Short term thinking
28 January 2009
Yesterday, in The Lengthening Shadow of Keynes, I quoted Keynes to the effect that, “The long run is a misleading guide to current affairs. In the long run we are all dead.” While Keynes certainly did not seek to set himself up as the prophet of short term thinking, he certainly did provide a memorable quote for those who wish to defend a myopic conception of political and economic policy.
Another wonderful quote in defense of the short term is from Rumsfeld’s Rules: “The tension between the short term and long term can be constructive, but there is no long term without a short term.”

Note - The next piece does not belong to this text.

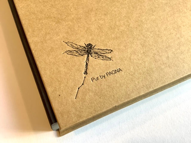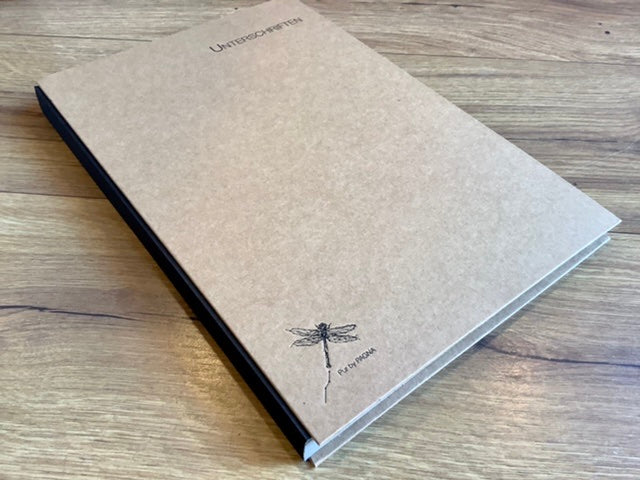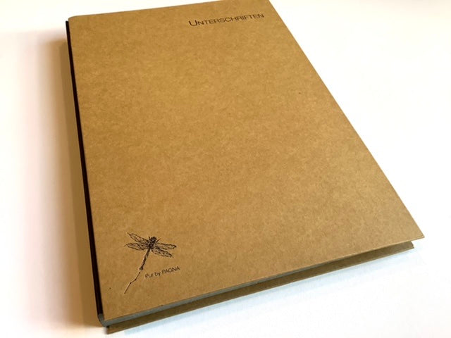 - Einband aus stabilem Graukarton (recycelt), mit naturbraunem Kraftpapier überzogen

One may wonder why I even bother to quote Rumsfeld, as the man is in low public esteem at the moment, and at his age is not likely to make a startling comeback. Nevertheless, whatever public opinion may hold, and though both those inside and outside the Bush administration were glad to have him as a fall guy for unintended consequences of the Iraq War, Rumsfeld must be counted among the greatest Secretaries of Defense ever.
But we come to bury Rumsfeld, not to praise him. While his “Rules” make themselves abundantly clear on the short term, they do not incorporate any thoughts on the relation of public servants to the long term. And, in fact, this is exactly what tripped him up. Rumsfeld had a short term worked out, but he had no long term worked out. He has been caricatured as not following his own rules (and why would anyone care about such a foolish consistency?), but in this respect Rumsfeld followed Rumsfeld’s Rules too closely.
Rumsfeld’s failure to put policies and practices in place to ensure a long term life for his vision of a lighter, quicker US military infrastructure not only ended Rumsfeld’s career early, but also brought that vision into disrepute –- tainted, as it is, by association with Rumsfeld’s name –- and in so doing left the US less prepared for future wars. Rumsfeld’s long term vision for the future of the US military ran afoul of his short term thinking.
Rumsfeld’s Rules may be profitably compared both to The Book of the Courtier (Il Cortegiano, 1528 ) by Baldassare Castiglione, and The Prince (Il Principe, posthumously published in 1532) by Niccolò Machiavelli. While many would gleefully identify Rumsfeld as a Machiavellian schemer, perhaps the greater number of his Rules are about showing deference to the president. Indeed, we could take whole passages out of The Book of the Courtier and re-formulate them substituting “secretary” for “courtier” and “president” for “prince” salva veritate.
What does it say about the supposedly open and democratic political system of the US in the twenty-first century that it so closely parallels the intrigues of renaissance Italian courts?